AWS ECS - exit code 137
In Linux, there are a number of exit codes with Special Meanings, of note here is the 128+n section, which are the Kill levels for a process. in this case, 137 = 128 + 9, so this process was killed with the highest level.
This usually happens in ECS when ECS sends a STOP to the process, but it hasn't exited within 30 seconds.
Two common causes for stuff like this that I'd check:
- In your Container Definition, you have
"memory": 300
. This is a hard limit on the amount of memory that a specific Docker task can use. If it reaches that limit, it gets terminated (I don't know what exit code that would be, but 137 might be reasonable). Based on your example, you could try to run something similar withdocker run -m 300M -it "imagename" /bin/bash
. If this hits the memory limit, it should also get terminated. - If your container is connected to a Load Balancer and has a health check enabled, ensure that your application is responding to the health check within the health check interval. If not, it will count against the container, and after the configured number of health check fails, the container will be considered unhealthy, and will create a new task and destroy the old one.

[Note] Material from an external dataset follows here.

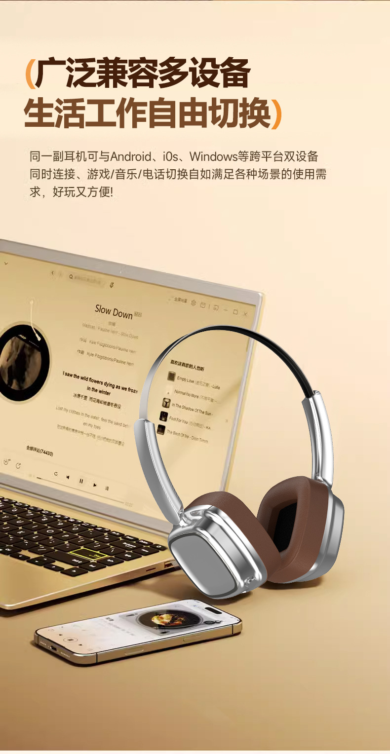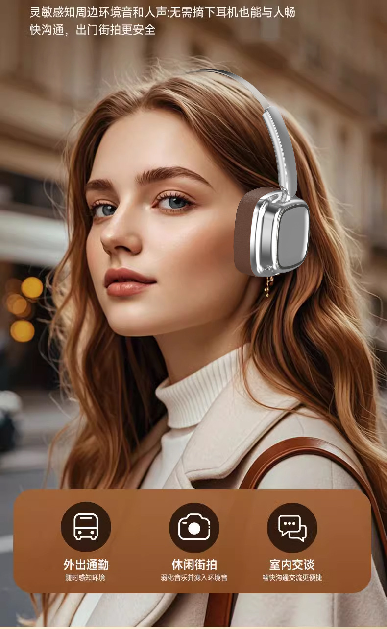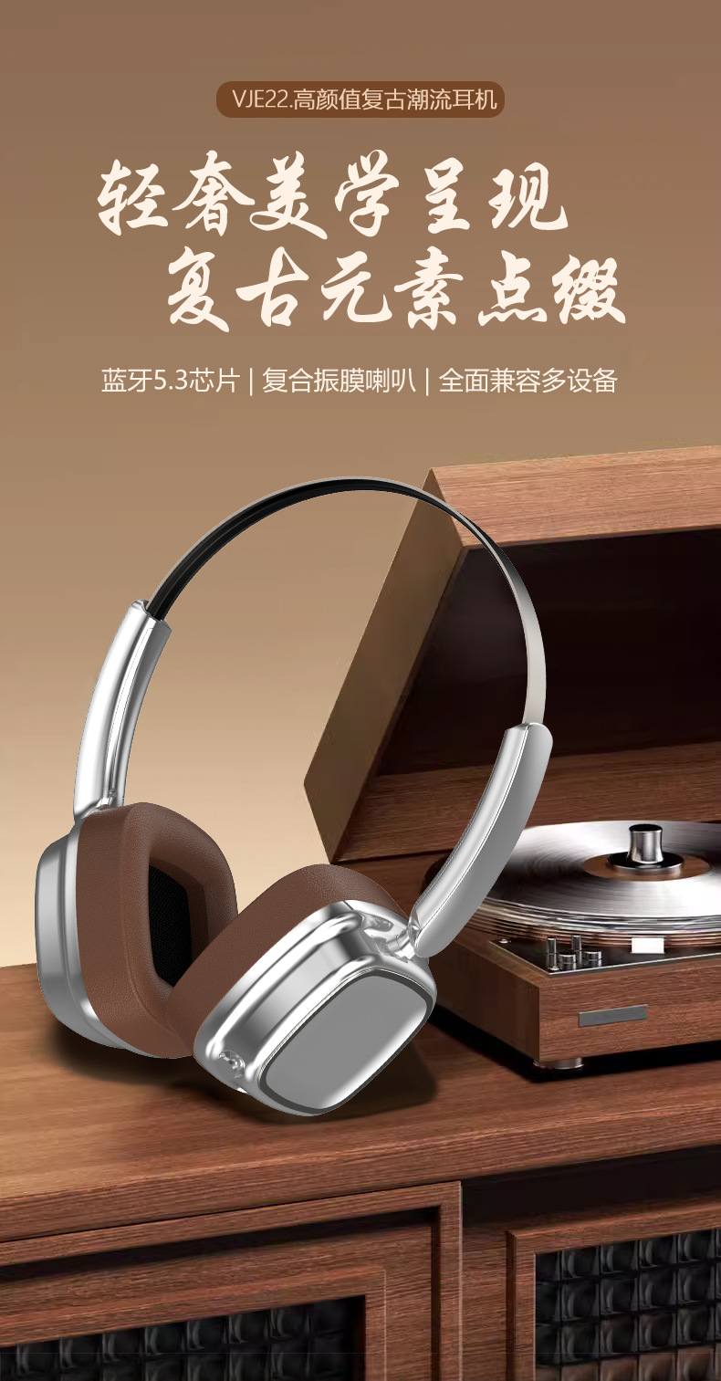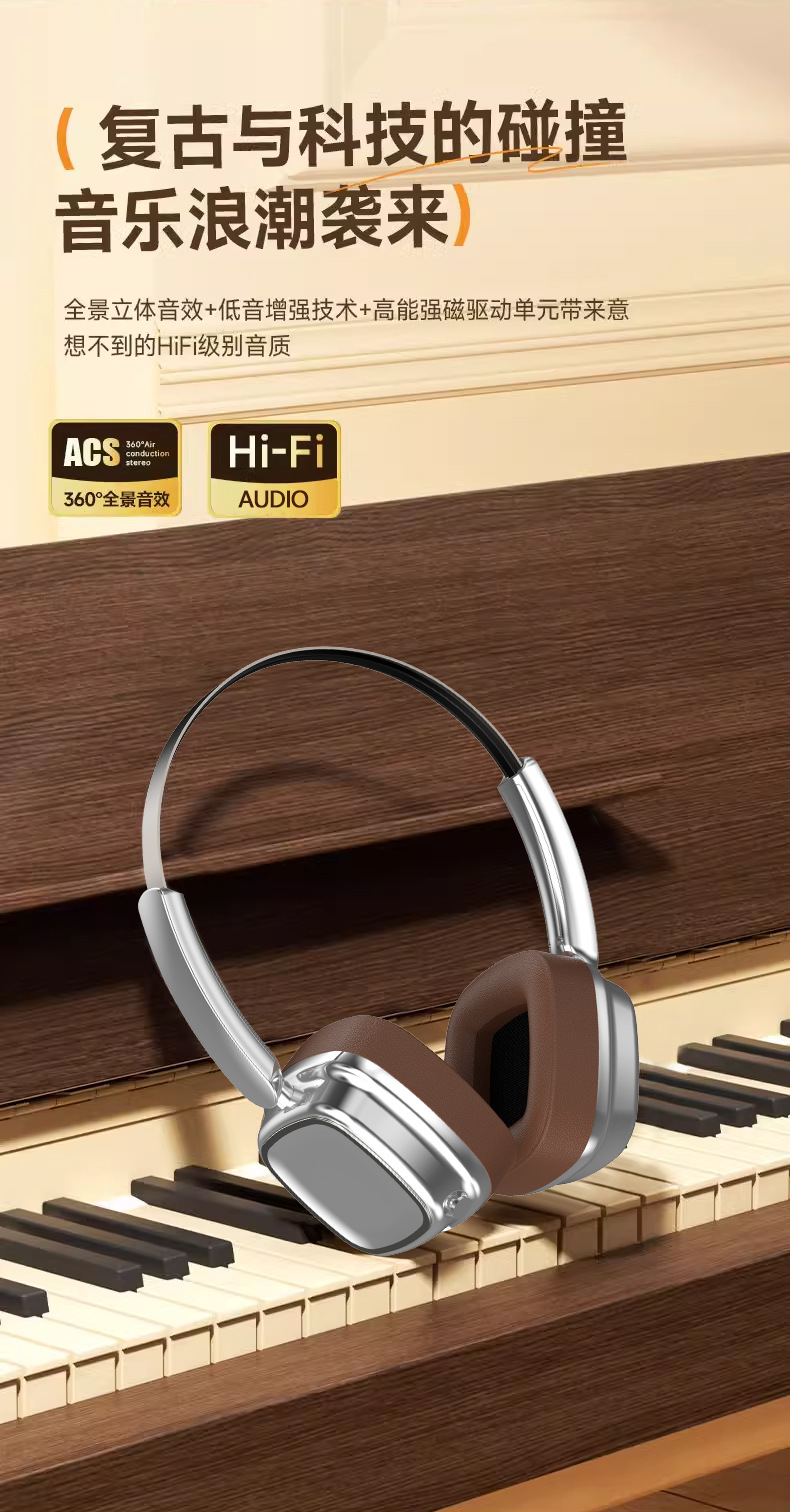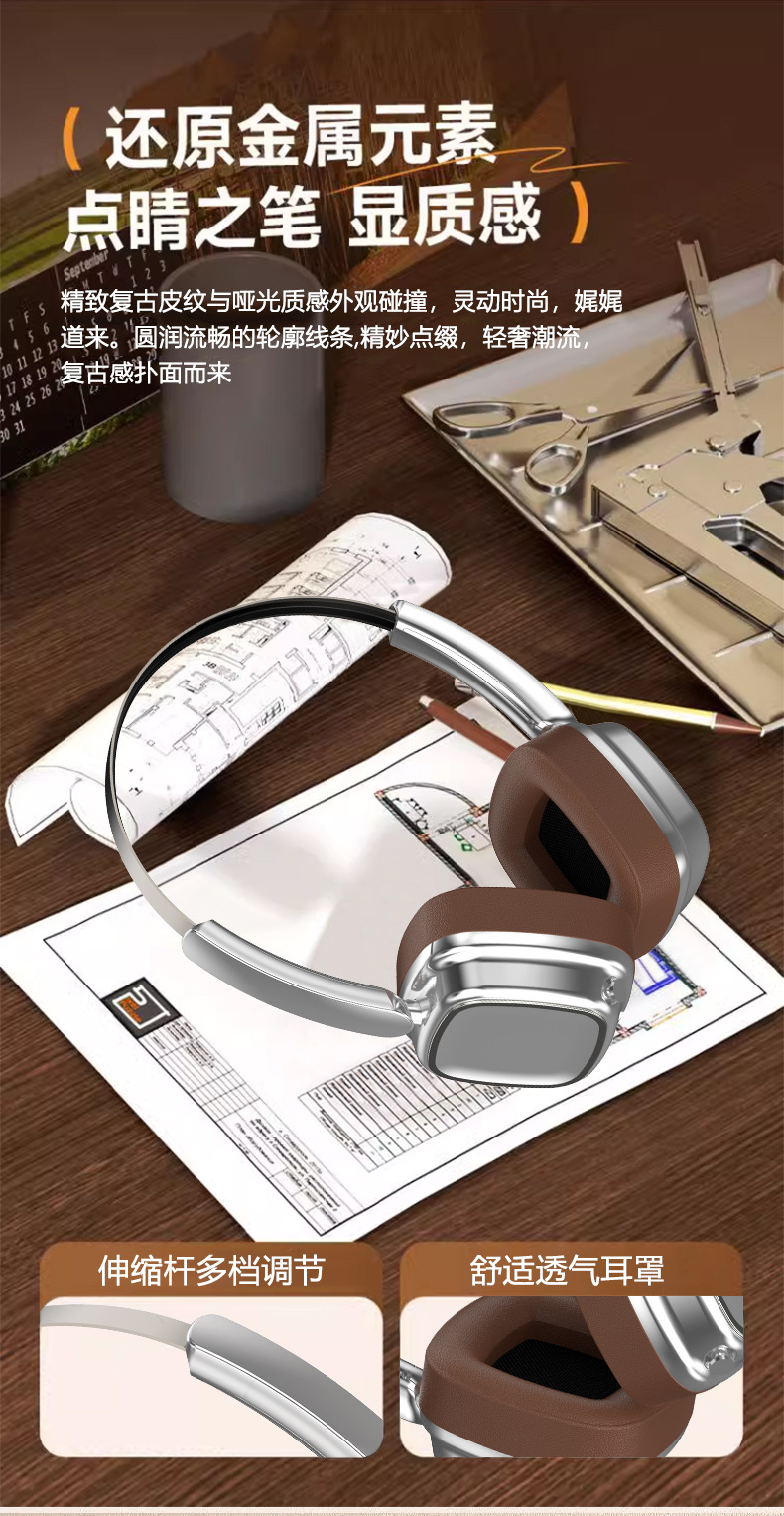 新款复古风金属头戴式耳机无线蓝牙5.4音乐运动穿搭耳机跨境批发

One thing to note here as that ECS supports memory
and memoryReservation
in the task definition, and only one of them need be set. memory
as mentioned above is a hard limit, and anything that hits that gets destroyed. memoryReservation
is a soft limit, and your container can exceed that, up to the total memory of the ECS Instance. You can also combine the two, in which case memoryReservation
is used in determining the amount of memory available for extra tasks on an instance, and memory
is used to kill the task if it over runs it overruns the number provided.
I had a similar issue and my container was killed with exactly the same exit code (137).
It turned out that it got killed due to an incorrectly configured health check in my Application load balancer.